I'm try to understand the following notation fully:
$(A_n)_{n \in \mathbb{N}}$
Does this notation mean that $A_n$ is an unlimited sequence defined for all n belonging to the natural numbers, meaning for n=1,2,3,4... all the way to infinity? Or does it mean that $A_n$ is a sequence, n belonging to the natural numbers, where $A_n$ could be defined all for n (infinite) or only some.
Hope my question is understandable.
On
If $X$ is any collection (possibly a collection of sets, or not), then the notation $(A_n)_{n\in\Bbb N}$ is used to denote a function $\Bbb N \to X$ such that $1 \mapsto A_1, 2\mapsto A_2,\ldots,$ and so on for each natural number.
Formally, $(A_n)_{n\in\Bbb N}$ is called a sequence of elements of $X$, but it is only a function whose domain is the natural numbers and whose codomain is the set $X$.

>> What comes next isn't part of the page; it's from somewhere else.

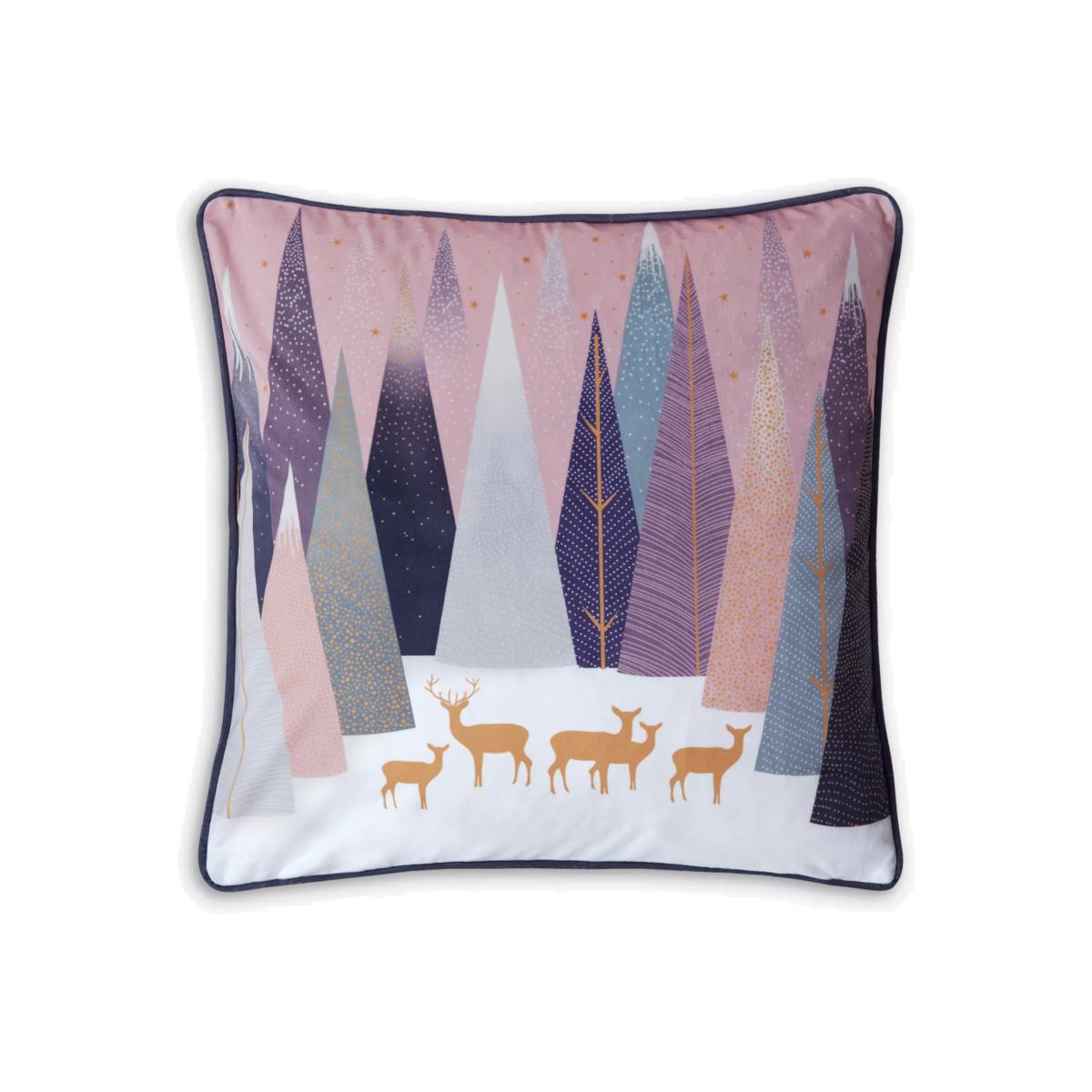 Add some festive charm to your sofa with this sumptuous velvet deer cushion from Sara Miller London. Featuring deer nestled amid a winter forest of enchanting soft pink hues and shimmering snow, this elegant design with coordinated piping detail is the perfect addition for a stylish home this winter.

If you want to be even more formal, $$ (A_n)_{n\in\Bbb N} = \{(1, A_1),(2,A_2),\ldots\} = \{(n,A_n)\in\Bbb N\times X\}, $$ and this is what we mean when we emphasize that the sequence is itself a function.
The notation $(A_n)_{n \in \mathbb{N}}$ means that $A_n$ is defined for any $n \in \mathbb{N}$, not only parts of $\mathbb{N}$. It denotes indeed a sequence. To phrase it otherwise, for any $n$, there is always something called $A_n$.
I hope this answers your question, for it is not very clear.